Climate change mitigation are actions to limit the magnitude and/or rate of long-term climate change. Climate change mitigation generally involves reductions in human (anthropogenic) emissions of greenhouse gases (GHGs). Mitigation may also be achieved by increasing the capacity of carbon sinks, e.g., through reforestation. By contrast, adaptation to global warming are actions taken to manage the eventual (or unavoidable) impacts of global warming, e.g., by building dikes in response to sea level rise.

Examples of mitigation include switching to low-carbon energy sources, such as renewable and nuclear energy, and expanding forests and other "sinks" to remove greater amounts of carbon dioxide from the atmosphere. Energy efficiency can also play a major role, for example, through improving the insulation of buildings.Another approach to climate change mitigation is geoengineering.

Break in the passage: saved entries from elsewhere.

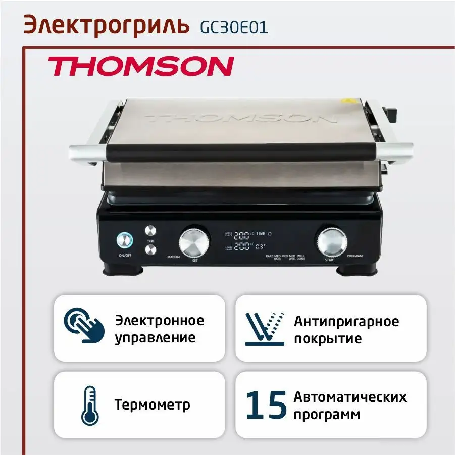 Электрогриль Thomson GC30E01 — это универсальное устройство для приготовления различных блюд. Он мощностью 2000 Вт и двухсторонней конструкцией, которая позволяет готовить быстрее и удобнее. Рабочая поверхность выполнена из рифленой плиты, что способствует равномерному прогреву и красивым полоскам на мясе. В устройстве есть автоматические программы — всего 15 вариантов, а также возможность регулировки температуры и таймера до 99 минут. Это помогает выбрать оптимальные настройки для разных видов блюд. В комплекте есть съемный поддон для жира, скребок и щуп для измерения температуры, что облегчает уход и контроль процесса приготовления. Такой гриль удобно размещать прямо на столе и легко использовать для домашних обедов и ужинов.
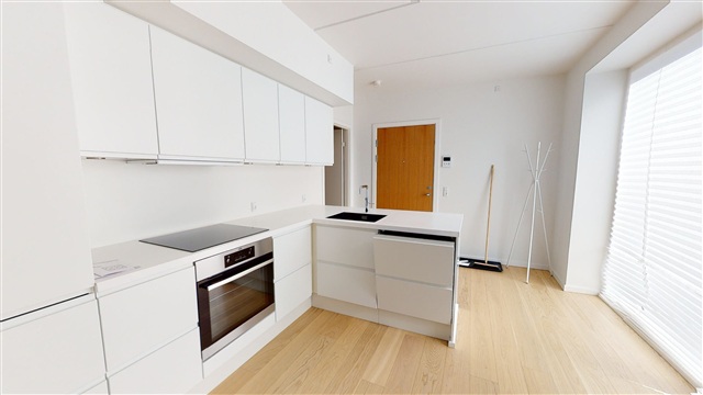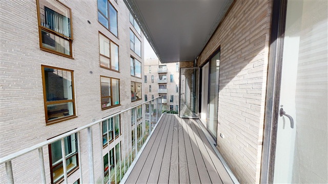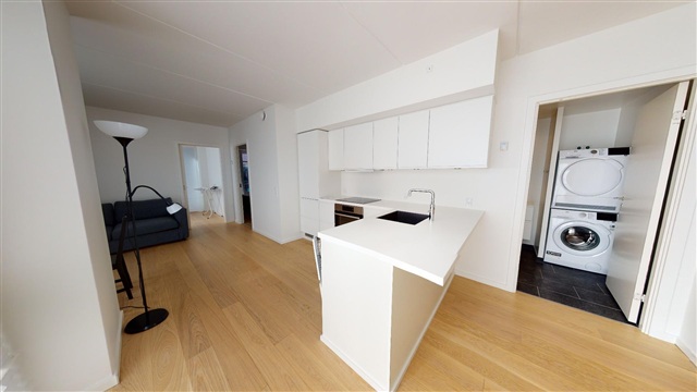 Boligen er placeret på anden sal og kendetegnes ved en særdeles god indstrømning af naturligt lys samt en velovervejet rumfordeling. Den store stue deler åbent rum med et tidssvarende køkken, der er udstyret med integrerede hvidevarer og rigelig opbevaringsplads i skabene. Det rolige og veludformede soveværelse har også god plads til opbevaring, mens det lyse og moderne badeværelse byder på en separat bruseniche samt faciliteter til vask.Nordhavn-området er populært på grund af sin særlige blanding af havnebad, spisesteder som caféer og restauranter samt indkøbsmuligheder - alt sammen ligger inden for gåafstand. Man har desuden let adgang til metroen, der effektivt forbinder til byens centrum. Denne lejlighed er ideel for både singler og par, som ønsker en moderne bolig i et tillokkende kvarter tæt på både vandet og bylivet.
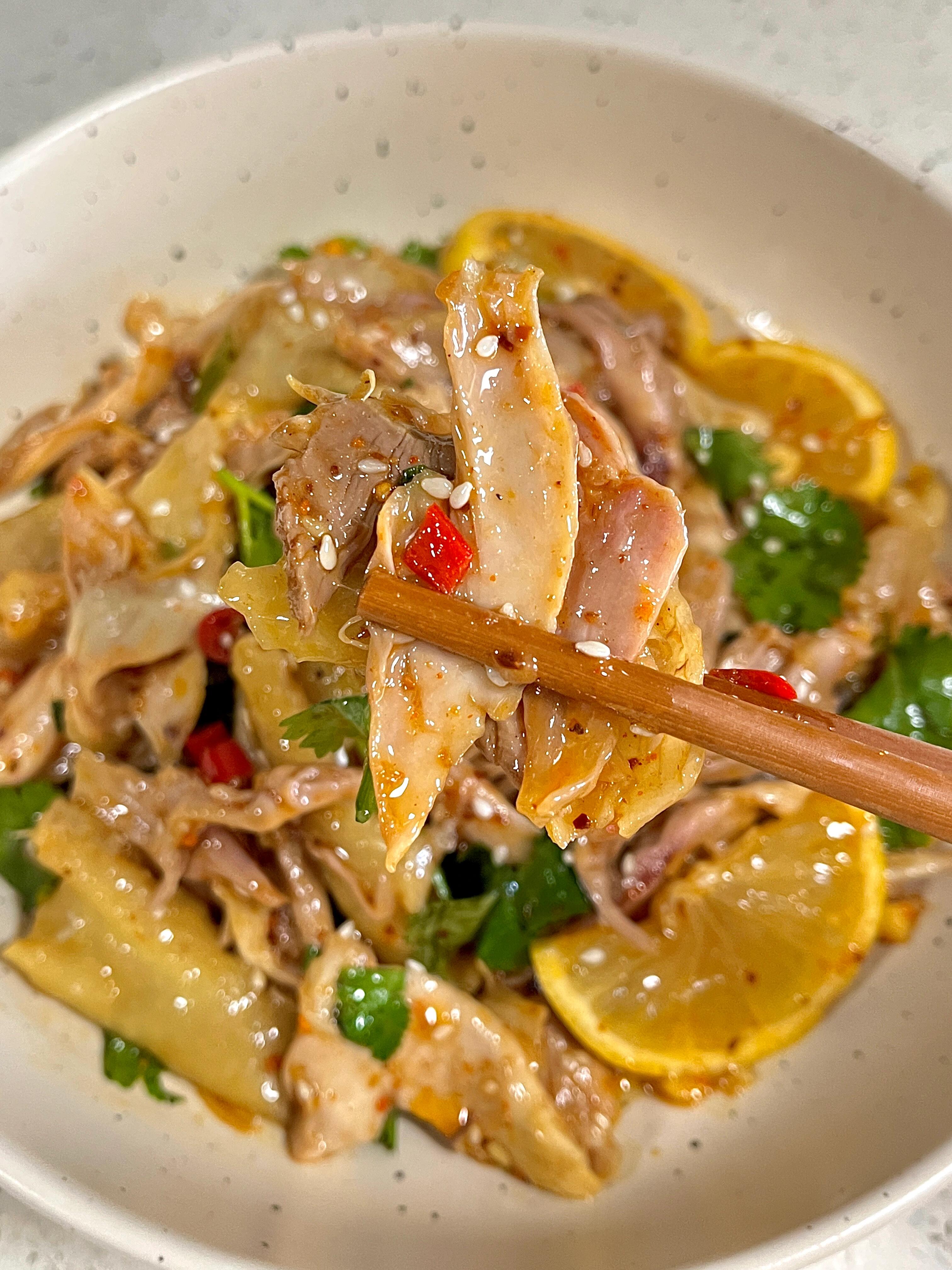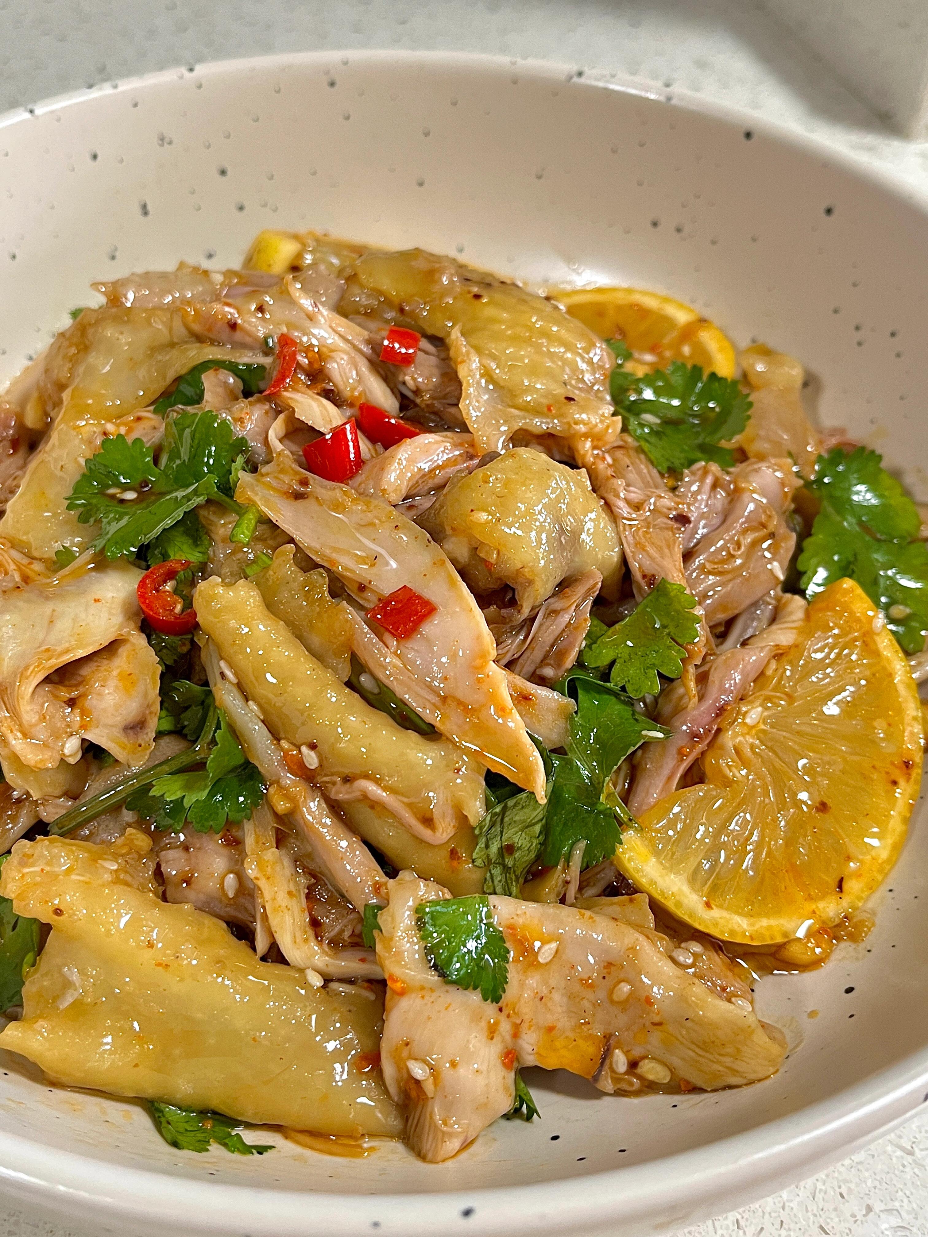 把做好的柠檬手撕鸡端上桌,那金黄的鸡肉上淋着酸甜的酱汁,还点缀着几片柠檬,看起来就特别清爽。夹起一块鸡肉放进嘴里,鲜嫩多汁的鸡肉配上酸爽的柠檬汁,瞬间唤醒你的味蕾,让你忍不住一口接一口。

The main international treaty on climate change is the United Nations Framework Convention on Climate Change (UNFCCC). In 2010, Parties to the UNFCCC agreed that future global warming should be limited to below 2.0 °C (3.6 °F) relative to the pre-industrial level. Analysis suggests that meeting the 2 °C target would require annual global emissions of greenhouse gases to peak before the year 2020, and decline significantly thereafter, with emissions in 2050 reduced by 30-50% compared to 1990 levels. Analyses by the United Nations Environment Programme and International Energy Agency suggest that current policies (as of 2012) are too weak to achieve the 2 °C target.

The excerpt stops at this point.